If you are looking for a pleasant trip to sunny California where the sun is always shining, the people are always beautiful, and there is music constantly in the air, look no further than Nisha Ganatra’s The High Note.
The film follows Maggie (Dakota Johnson), an aspiring music producer who has an unquenchable desire and passion for music. She works for music legend Grace Davis (Tracee Ellis Ross); who in this fictitious world is a superstar on the level of Celine Dion, Whitney Houston, and Cher. She is presented in the film as a mixed bag of a number of Black icons from numerous decades— but ultimately she is Tracee Ellis Ross if she decided to be a musician.
Their stories form a bridged narrative with both moving in similar directions with different motivations. Maggie wants to produce music, specifically, she wants to produce for Grace. She is a lover of the artist’s voice versus the synthetic sound the music industry is heading towards. Grace is struggling to remain autonomous, grappling with the realities of potentially outgrowing her music but still stuck performing the same thing over and over. Her manager/best-friend Jack Robertson (Ice Cube) encourages the safe choice of setting up a Vegas residency for Grace, but she sees it as a slow death sentence.

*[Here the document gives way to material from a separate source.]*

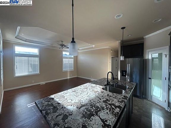 Newer Manufactured Home features: 2 bedrooms + den; 2 full baths; 9' flat ceilings and crown molding throughout; living room with tray ceiling; laminate flooring in living room and hall; kitchen with stainless steel appliances, granite counter tops, and large pantry; dining area with bay window; primary bedroom with walk in closet and private bath; laundry room with washer, dryer, and storage cabinets; AC unit, low monthly space rent & more!
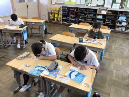 6/18 4年算数1 公開日 2025/06/18 更新日 2025/06/18 各学年から 4年算数は少人数で学習を行っていました。1組、2組、学年教室に分かれて学習を進めていました。垂直・平行と四角形の単元を学んでいます。長方形の特徴に目をつけてどのように作図をしたらよいかを考えていました。

Directed by Ganatra and written by Flora Greeson, the film has some odd similarities to Ganatra’s last directorial effort The Late Night. The two films are distractingly similar, which strips away any sort of suspense or surprise the film has to offer— although, there is one plot reveal that will certainly have you screaming. The film is simple: older career woman is in a rut, where fading into obscurity is a constant looming threat until a plucky subordinate decides to take matters into her own hands and shake things up. The two bicker but ultimately share the same feelings, and eventually an unbreakable bond is formed to create a mutually beneficial friendship. The structure is a little too been-there-done-that, but the execution is still fine and entertaining.
Although the movie doesn’t dig too deep into the mechanics that are involved in the music business, the story does accurately speak to key struggles that are universally understood. It is about going after what you want, even if there are risks. Maggie struggling to get off the ground, while Grace is trying not dive head first into concrete.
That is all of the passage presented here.